Top 10 Movies of 2008: Michael Dance

Michael Dance’s Top 10 Movies of 2008

2008 presented my first real test of top-ten-list-making abilities as a critic. Last year I was all about Into the Wild for #1, while I loved Juno enough to make it a solid #2. I was reasonably certain about my rankings. Sure, some movies gain stature with time — I think today I’d put Zodiac above Eastern Promises, although I still love both — but it was a solid list.
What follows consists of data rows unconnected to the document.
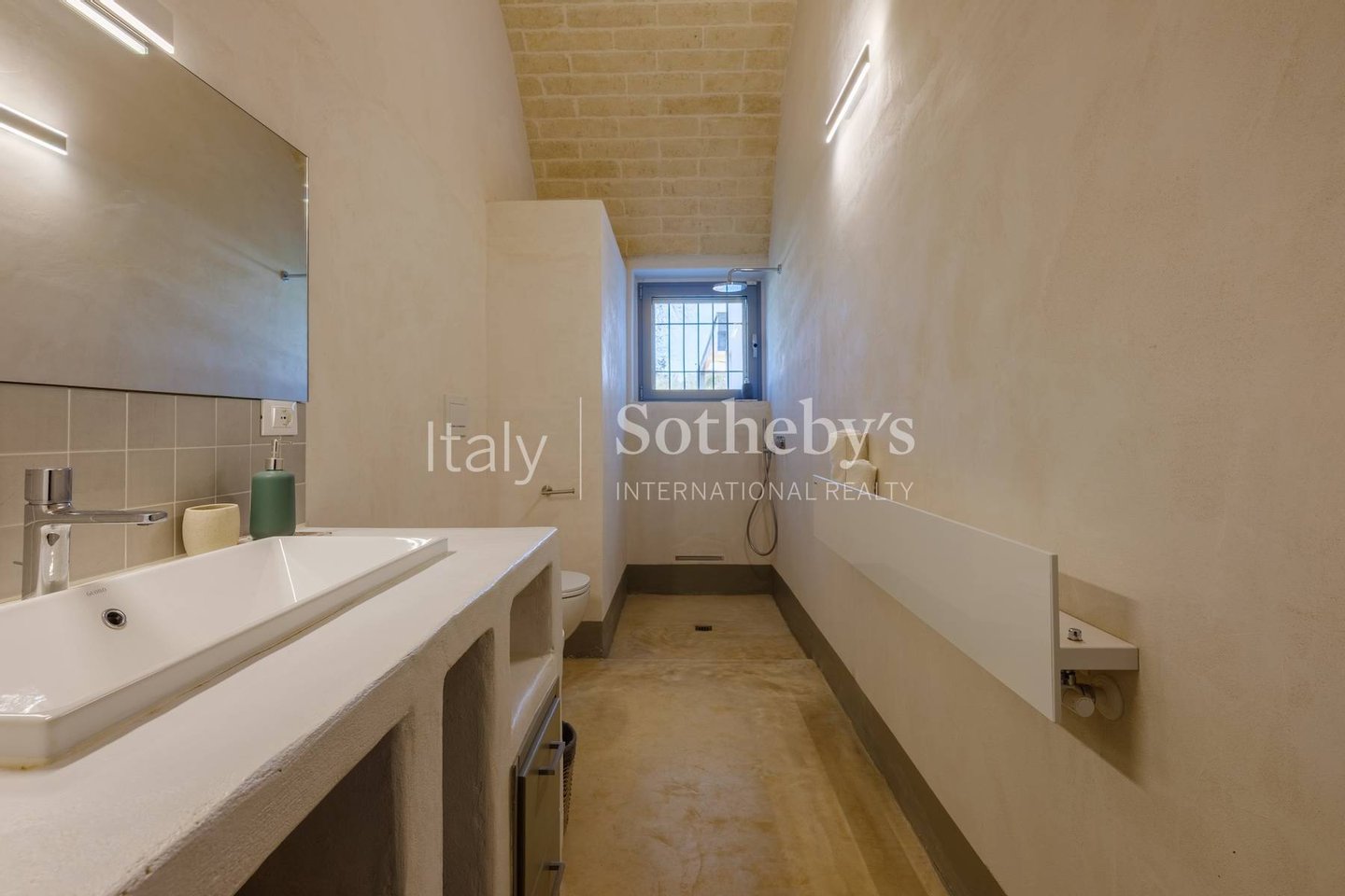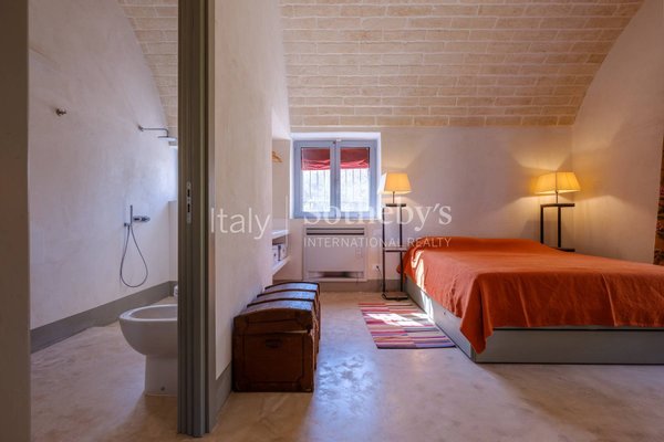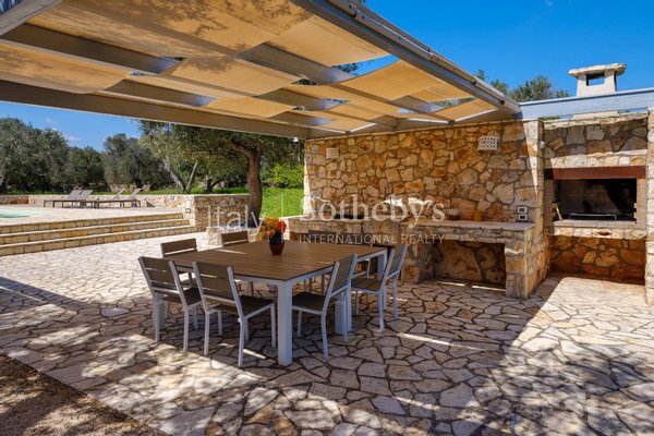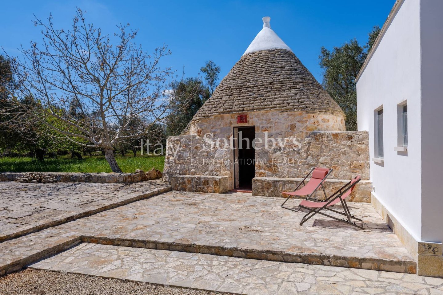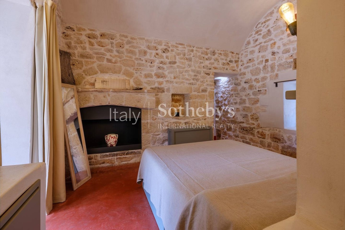 Das helle und einladende Wohnzimmer bietet einen Doppelblick: auf die vordere Veranda und auf einen Patio mit schattigem Außensitzbereich. Der Schlafbereich ist gut aufgeteilt: Auf der einen Seite das Hauptschlafzimmer mit Bad und angrenzender Küche, auf der anderen Seite zwei Doppelzimmer mit zwei Bädern. Der antike Trullo, der auf den Innenhof blickt, beherbergt ein romantisches Gästezimmer mit Bad. Auf der Rückseite befindet sich ein Außen-Wohnbereich mit Sitzgruppe, großem Tisch, Grill und Duschen, der den Erholungsbereich neben dem Pool vervollständigt. Die rustikalen und dennoch eleganten Möbel erzählen von einer sorgfältigen Aufmerksamkeit für jedes Detail.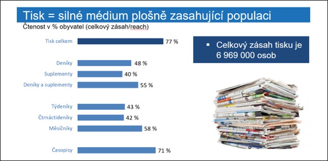 (Praha, 14. srpna 2025) Nejnovější výsledky jednotného výzkumu čtenosti periodického tisku MEDIA PROJEKT za období od třetího čtvrtletí 2024 do druhého čtvrtletí 2025 byly předány a zveřejněny ve čtvrtek 14. 8. 2025 v Presscentru ČTK. Printové tituly dosáhly i za toto období opět průměrného zásahu 77 % české populace ve věku 12 až 79 let, což představuje 6 969 000 osob. Tisk je stabilním a silným médiem, protože ve stejném období 12 měsíců, jako jsou výsledky MEDIA PROJEKTU, bylo prodáno více než 86 milionů jednotlivých výtisků deníků a více než 64 milionů výtisků časopisů (období 1.7.2024-30.6.2025, zdroj: auditem ověřená data ABC ČR).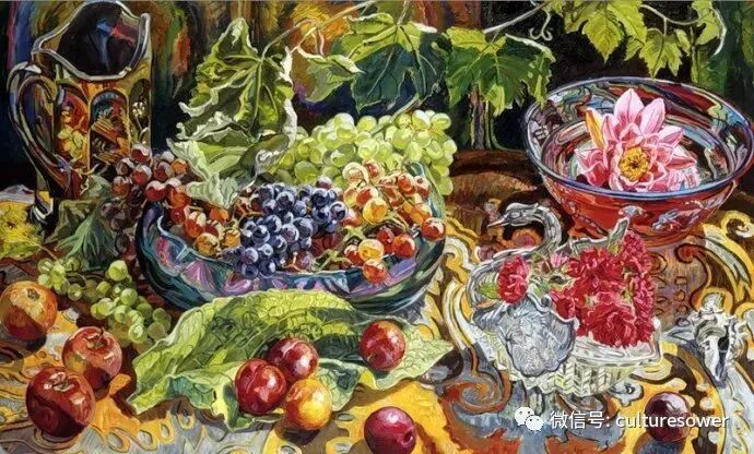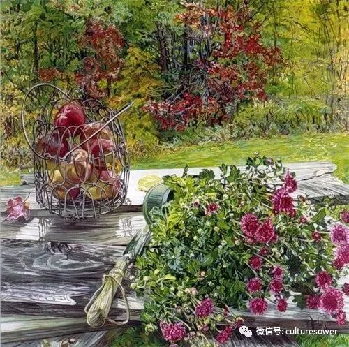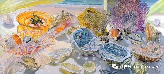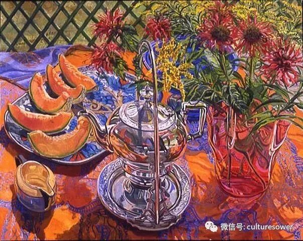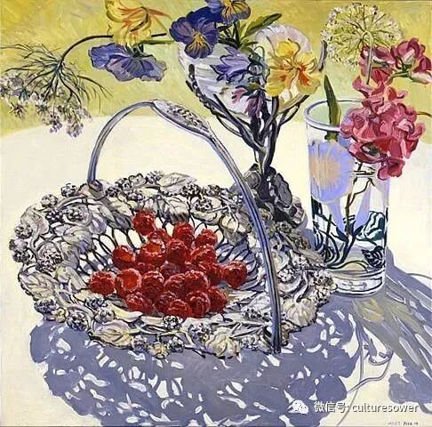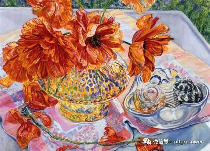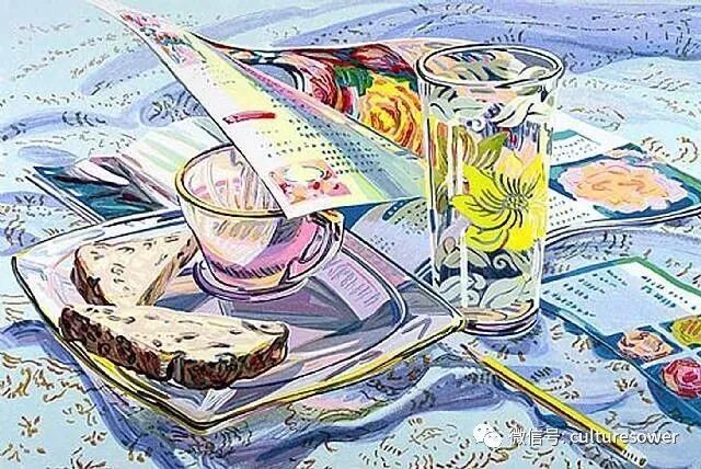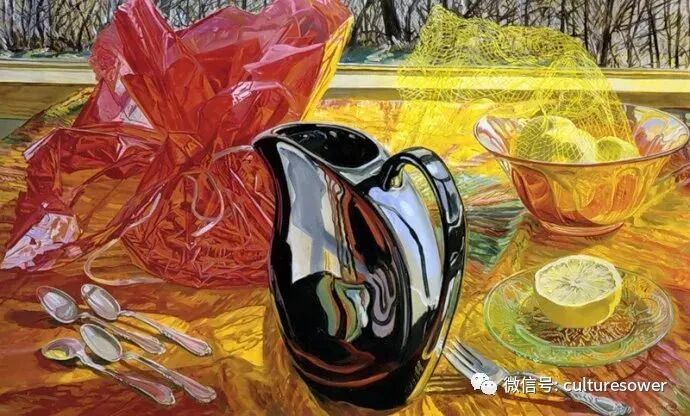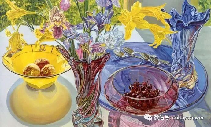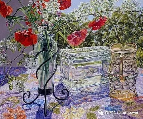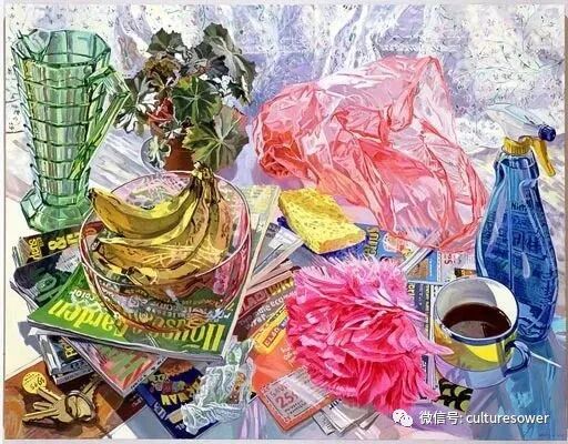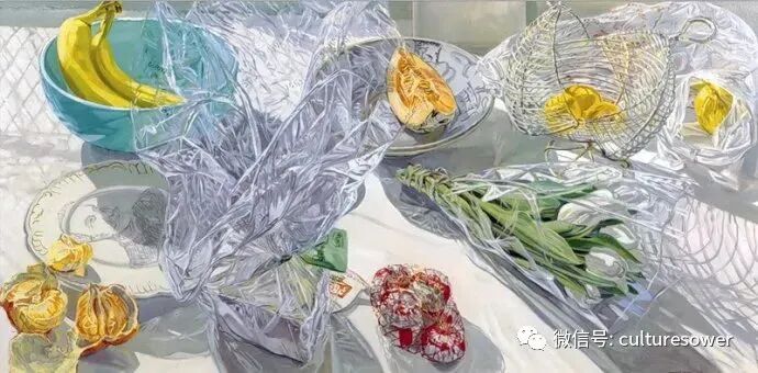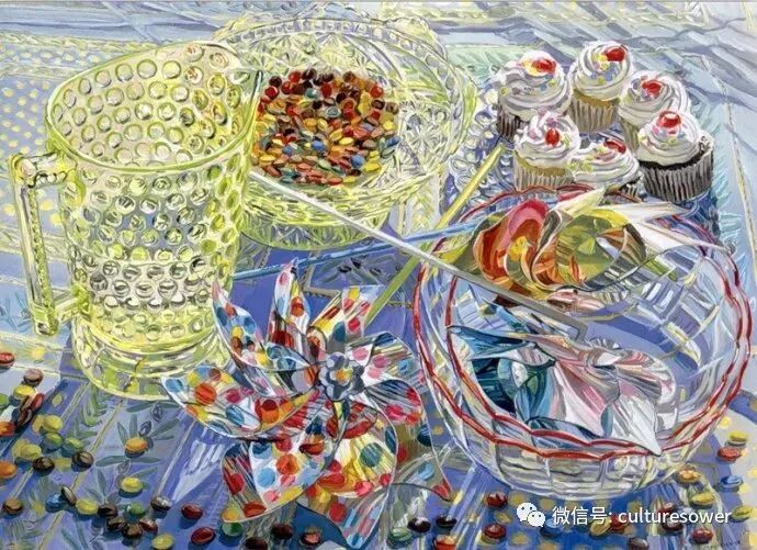 珍妮特·费诗(Janet Fish)1938年生于波士顿,是著名的当代美国艺术家。她的作品有别于传统的静物绘画,呈现出夺目的色彩和明亮感,用独特的笔触引导着人们的眼睛透过绘画上那透明的表面和繁复的图案。
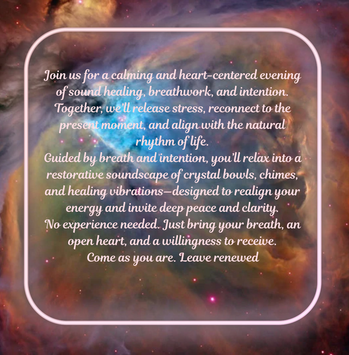 ✨ Sacred Healing Circle ✨ Sound • Breath • Alignment • Abundance Join us for a transformative evening of deep healing and energetic alignment as we come together in a sacred circle guided by the power of sound bowls and conscious breathwork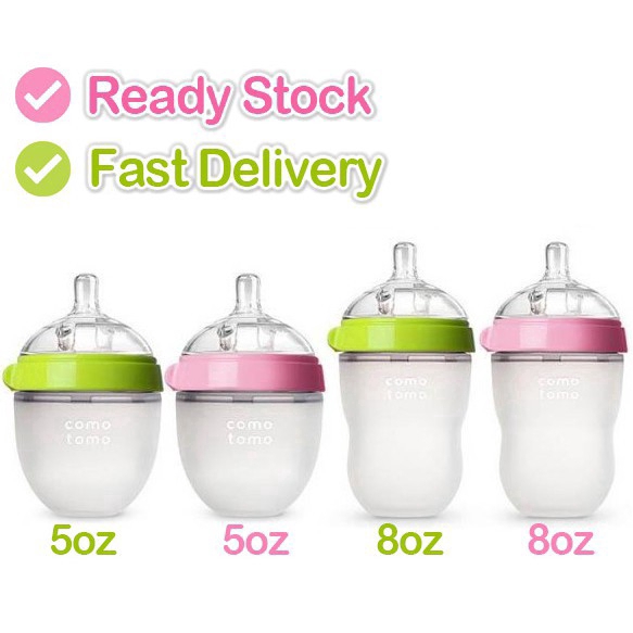 Comotomo Silicone Baby Milk Feeding Nursing Bottle 150ml 250ml Green And Pink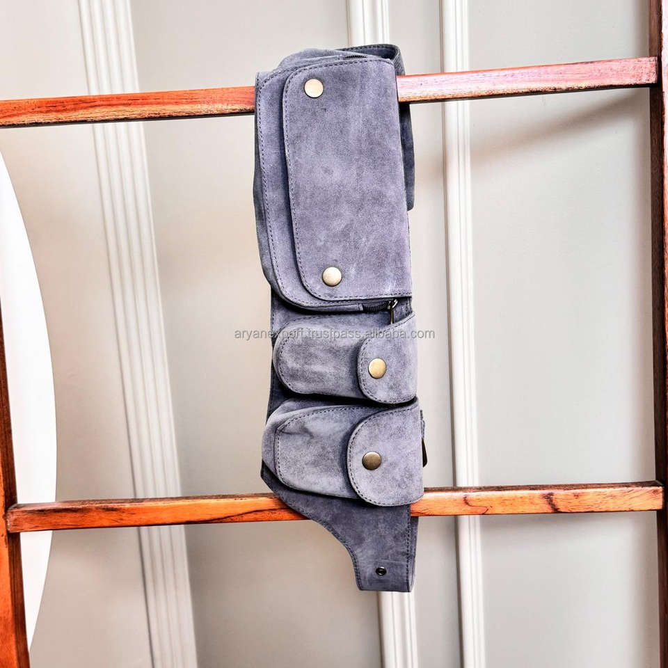กระเป๋าคาดสะโพกหนังนิ่มหนังแท้มีหลายกระเป๋าพร้อมสายรัดปรับได้กระเป๋าคาดเอวยูทิลิตี้สไตล์ตะวันตกสำหรับทั้งชายและหญิง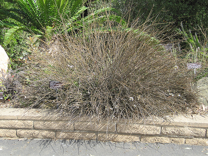 An upright slender shrub producing erect or ascending stems, from a taproot, that are leafless with little branching; clusters of tiny white flowers bloom from late summer to winter; may die back to the ground in zone 8; an excellent container plant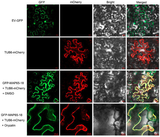 To detect the subcellular localization of PeMAP65-18, the 35S::eGFP-PeMAP65-18 vector was expressed in tobacco leaves. Through laser confocal microscopy observation, the fluorescence signal of eGFP-PeMAP65-18 showed a filamentous distribution, which was consistent with the signal of the microtubule localization marker AtTBU6-mCherry (Figure 9) and conformed to the distribution characteristics of cortical microtubules. Therefore, it was speculated that PeMAP65-18 was located in cortical microtubules. Further supporting this, the filamentous fluorescence signals of both eGFP-PeMAP65-18 and TUB6-mCherry were degraded following treatment with oryzalin, a microtubule depolymerizing agent, indicating that PeMAP65-18 is primarily associated with microtubules.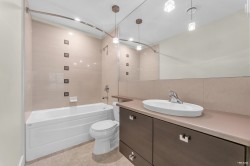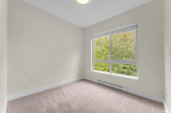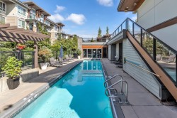 Immaculately kept 2-bed 2-bath in sought-after Salus built by reputable Adera. Facing the quiet side, this 810 sqft home offers 9' ceilings, well-defined living and dining areas, a large kitchen with stone countertop & SS appliances (newer dishwasher and garburator). A fully covered 97 sqft balcony is perfect for year-round enjoyment. Salus is known for its incredible amenities including an Aqua Club, outdoor pool, steam room & sauna, lounge and recreation areas. Central location within minutes to Scottsdale Mall, Strawberry Mall, restaurants, banks, parks and more. One parking one locker included. Pet-friendly! INCREDIBLE VALUE. Call today for your private viewing!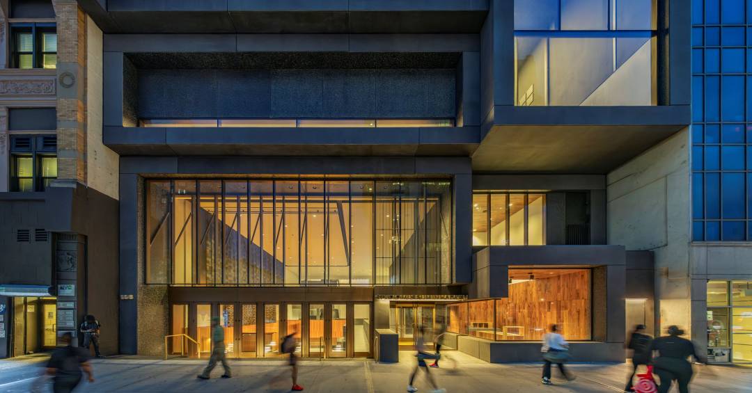 Maryna Ponomarenko, 40, funcionária de um jardim de infância, sorri enquanto fica de pé e observa crianças sentadas a uma mesa comendo em tigelas, em 10 de outubro de 2025. Elas estão dentro de um abrigo antiaéreo, e a cabeça de Ponomarenko quase encosta no teto. Recortes de papel multicoloridos em forma de pássaros estão colados nas paredes verde-claras. Ao fundo, uma mulher está sentada com uma menina reclinada em seu colo e outra criança à esquerda puxando o cordão da calça. Desenhos feitos à mão estão pendurados em prendedores fixados a tubulações.

This year I didn’t like nearly as many movies. It’s a cliché to say it was “a bad year for movies” — lots of critics say that every year, no matter what — but it seems like a lot of the stuff other people were raving about left me flat. The Curious Case of Benjamin Button, while watchable, was a major disappointment. Milk was good, not great. Even Slumdog Millionaire, which made it on my list, didn’t have me quite as transfixed as it seemed to have other reviewers.

That’s the problem with the list I’ve ended up with: I have caveats about nearly every movie. Loved Wall-E, but the second half didn’t live up to the first. Loved The Dark Knight, but its handling of Rachel bugged me and it was too long. Loved The Wrestler, but did the love interest really need to be yet another stripper with a heart of gold?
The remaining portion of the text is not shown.